→ **Information shown**

§

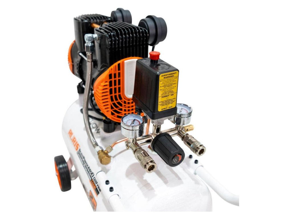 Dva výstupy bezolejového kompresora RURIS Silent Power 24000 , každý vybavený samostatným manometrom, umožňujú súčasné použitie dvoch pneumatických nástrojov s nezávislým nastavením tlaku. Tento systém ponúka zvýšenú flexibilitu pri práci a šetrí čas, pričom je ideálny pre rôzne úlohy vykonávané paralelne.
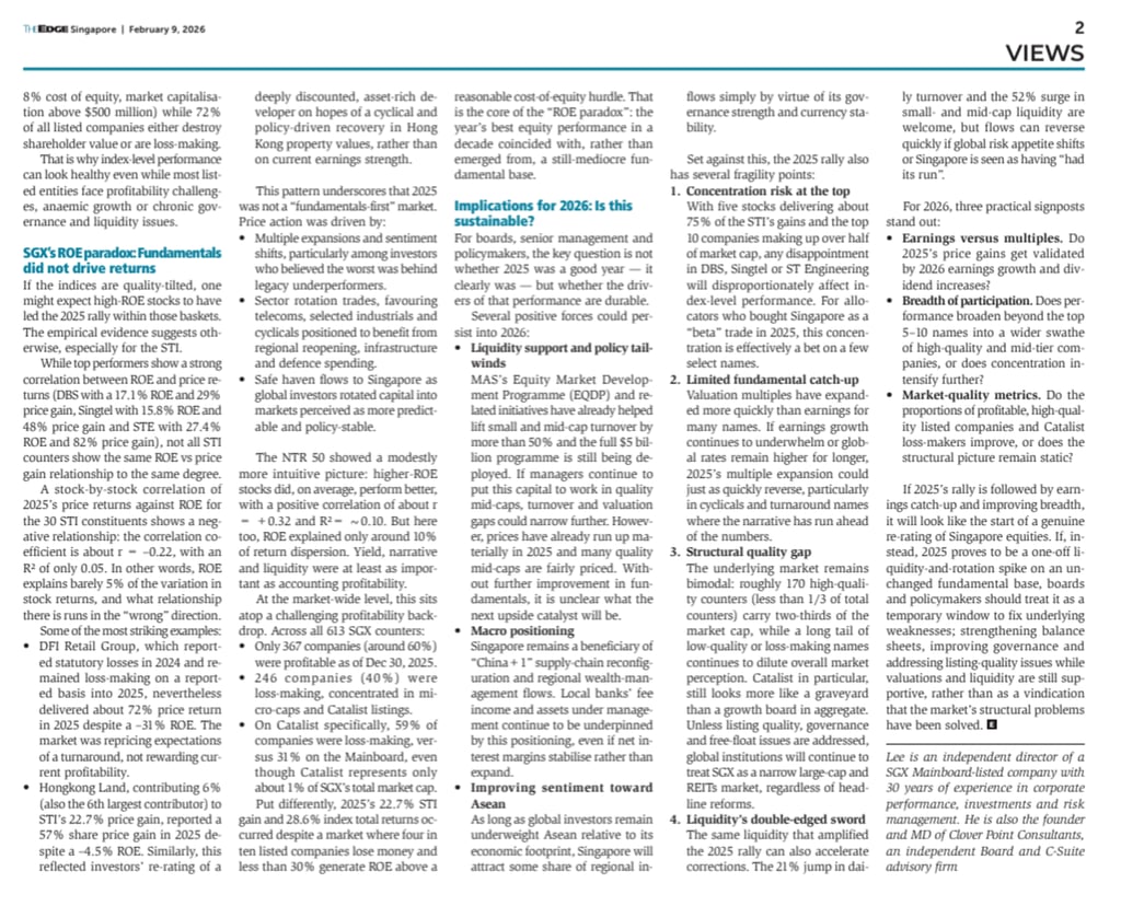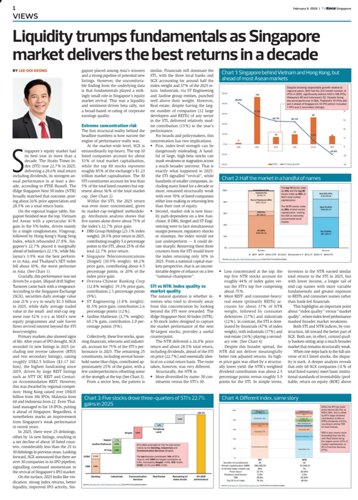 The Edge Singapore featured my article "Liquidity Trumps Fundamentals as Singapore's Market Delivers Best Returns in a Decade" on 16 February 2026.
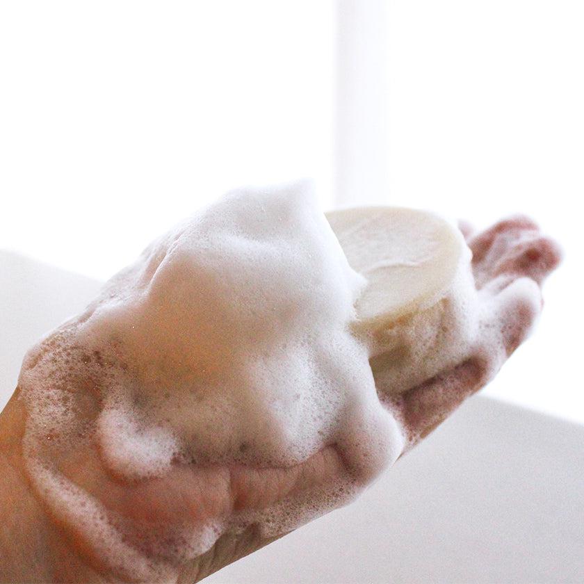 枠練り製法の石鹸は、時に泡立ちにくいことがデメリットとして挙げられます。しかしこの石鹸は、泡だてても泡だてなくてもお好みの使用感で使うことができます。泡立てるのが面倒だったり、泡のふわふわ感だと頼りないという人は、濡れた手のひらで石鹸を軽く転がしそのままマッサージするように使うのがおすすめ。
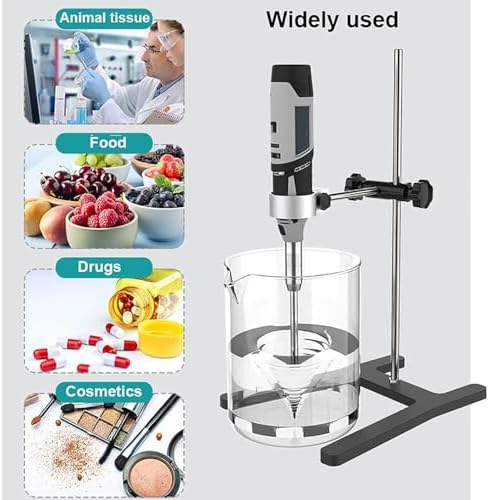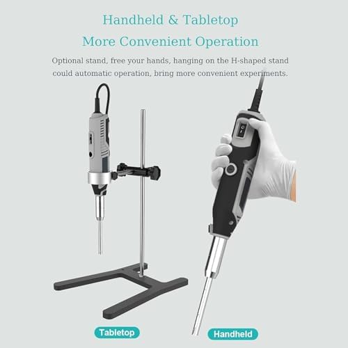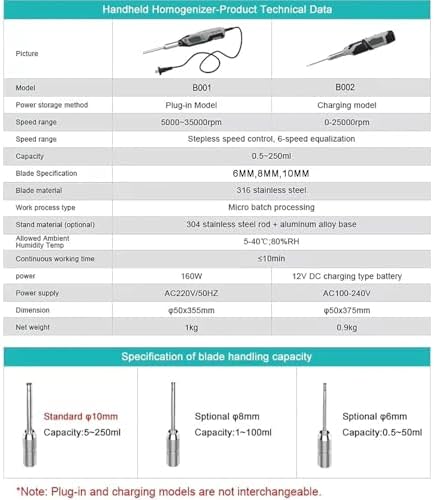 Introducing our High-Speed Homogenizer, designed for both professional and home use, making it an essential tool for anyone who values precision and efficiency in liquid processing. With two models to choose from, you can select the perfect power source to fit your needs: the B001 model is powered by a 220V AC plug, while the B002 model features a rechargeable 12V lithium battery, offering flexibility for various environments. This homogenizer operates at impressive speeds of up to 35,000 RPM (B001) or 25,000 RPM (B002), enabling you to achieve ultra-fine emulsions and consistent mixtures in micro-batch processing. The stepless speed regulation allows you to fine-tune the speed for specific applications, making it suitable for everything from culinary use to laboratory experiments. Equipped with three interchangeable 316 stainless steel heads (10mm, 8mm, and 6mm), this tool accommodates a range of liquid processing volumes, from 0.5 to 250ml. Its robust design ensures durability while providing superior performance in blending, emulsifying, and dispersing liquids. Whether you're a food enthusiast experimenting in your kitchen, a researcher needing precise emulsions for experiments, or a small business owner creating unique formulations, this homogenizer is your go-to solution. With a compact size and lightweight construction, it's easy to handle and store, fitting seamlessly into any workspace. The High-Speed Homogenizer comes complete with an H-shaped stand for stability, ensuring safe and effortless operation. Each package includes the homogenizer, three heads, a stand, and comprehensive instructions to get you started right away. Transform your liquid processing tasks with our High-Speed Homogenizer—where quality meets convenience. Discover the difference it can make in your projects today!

§

→ **Brief**
Print exactly, and only, the lines from the line containing "枠練り製法の石鹸は、時に泡立" to the last line of the material above, with every picture left out.

→ **Expected answer**
 枠練り製法の石鹸は、時に泡立ちにくいことがデメリットとして挙げられます。しかしこの石鹸は、泡だてても泡だてなくてもお好みの使用感で使うことができます。泡立てるのが面倒だったり、泡のふわふわ感だと頼りないという人は、濡れた手のひらで石鹸を軽く転がしそのままマッサージするように使うのがおすすめ。
 Introducing our High-Speed Homogenizer, designed for both professional and home use, making it an essential tool for anyone who values precision and efficiency in liquid processing. With two models to choose from, you can select the perfect power source to fit your needs: the B001 model is powered by a 220V AC plug, while the B002 model features a rechargeable 12V lithium battery, offering flexibility for various environments. This homogenizer operates at impressive speeds of up to 35,000 RPM (B001) or 25,000 RPM (B002), enabling you to achieve ultra-fine emulsions and consistent mixtures in micro-batch processing. The stepless speed regulation allows you to fine-tune the speed for specific applications, making it suitable for everything from culinary use to laboratory experiments. Equipped with three interchangeable 316 stainless steel heads (10mm, 8mm, and 6mm), this tool accommodates a range of liquid processing volumes, from 0.5 to 250ml. Its robust design ensures durability while providing superior performance in blending, emulsifying, and dispersing liquids. Whether you're a food enthusiast experimenting in your kitchen, a researcher needing precise emulsions for experiments, or a small business owner creating unique formulations, this homogenizer is your go-to solution. With a compact size and lightweight construction, it's easy to handle and store, fitting seamlessly into any workspace. The High-Speed Homogenizer comes complete with an H-shaped stand for stability, ensuring safe and effortless operation. Each package includes the homogenizer, three heads, a stand, and comprehensive instructions to get you started right away. Transform your liquid processing tasks with our High-Speed Homogenizer—where quality meets convenience. Discover the difference it can make in your projects today!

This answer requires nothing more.